I'm trying to model a table in Cassandra, I'm quite new and stumbled upon one problem. I've got the following:
CREATE TABLE content_registry (
service text,
file text,
type_id tinyint,
container text,
status_id tinyint,
source_location text,
expiry_date timestamp,
modify_date timestamp,
create_date timestamp,
to_overwrite boolean,
PRIMARY KEY ((service), file, type_id)
);
So as I understand:
service
is my partition key and based on this value hashes will be generated and values will be split in clusterfile
is clustering keytype_id
is clustering keyWhat I've figured out is that whenever I'll insert new data, Cassandra will upsert (either insert or update if the value with that compound primary key exists)
Now what I'm struggling is, that I want my data to come back sorted by create_date
in descending order, however create_date
is not part of primary key.
If I add create_date
to my primary key, I won't be able to upsert data, because create_date
means timestamp when record was inserted, so if I add it to primary key every time there's an insert, I'll end up with multiple records.

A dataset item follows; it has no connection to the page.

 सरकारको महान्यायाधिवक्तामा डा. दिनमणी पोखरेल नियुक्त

What are the other options? Order in application? That doesn't seem very efficient.
What I've figured out is that whenever I'll insert new data, Cassandra will upsert (either insert or update if the value with that compound primary key exists)
Totally right.
Now what I'm struggling is, that I want my data to come back sorted by create_date in descending order, however create_date is not part of primary key. If I add create_date to my primary key, I won't be able to upsert data, because create_date means timestamp when record was inserted, so if I add it to primary key every time there's an insert, I'll end up with multiple records.

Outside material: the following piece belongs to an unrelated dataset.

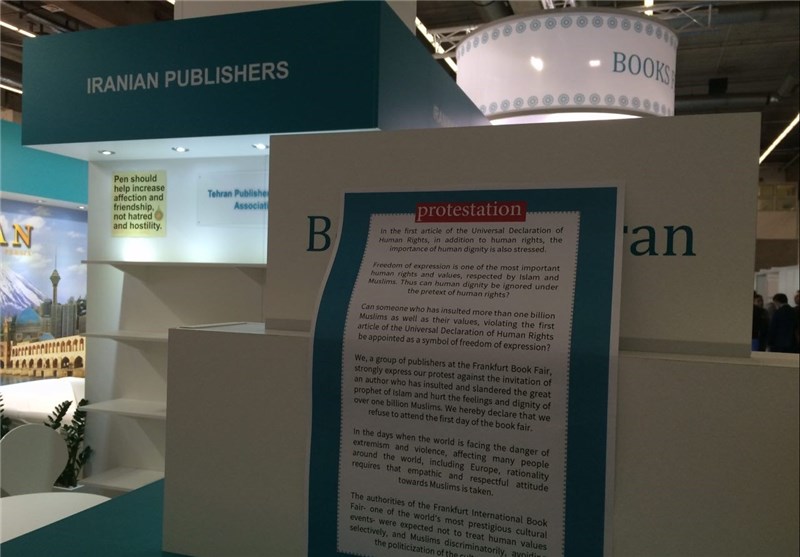 توزیع ترجمه انگلیسی رمان محمد(ص) و نامه مقام معظم رهبری به جوانان غربی از دیگر اقدامات ایران در نمایشگاه کتاب فرانکفورت بوده است، همچنین نصب پوسترهای اعتراضی ایران به زبانهای آلمانی و انگلیسی، نصب نوار مشکی مقابل غرفه و ... از دیگر اقداماتی است که توجه بازدیدکنندگان و ناشران کشورهای مختلف حاضر در نمایشگاه را به خود جلب کرده است.

With these sentences you are actually contradicting.
If create_date
isn't part of your key but a property and the data is upserted, it means that the records are always the same. Therefore when querying by the key and fetching create_date
you always have the latest. If you actually want to have the date when the record got created you should just not override the data anymore after the first time you inserted that record.
If it's the case you want to represent a series of data, you indeed need to avoid upserting, this is could be done by using create_date
as additional partition key. I'd rather prefeer using time_uuid
which comes with quite handy functions.
Last but not least, the most interesting question is, what actually the usecase is that you want to reflect. When modelling data in cassandra you always should know your queries you need to run in advance.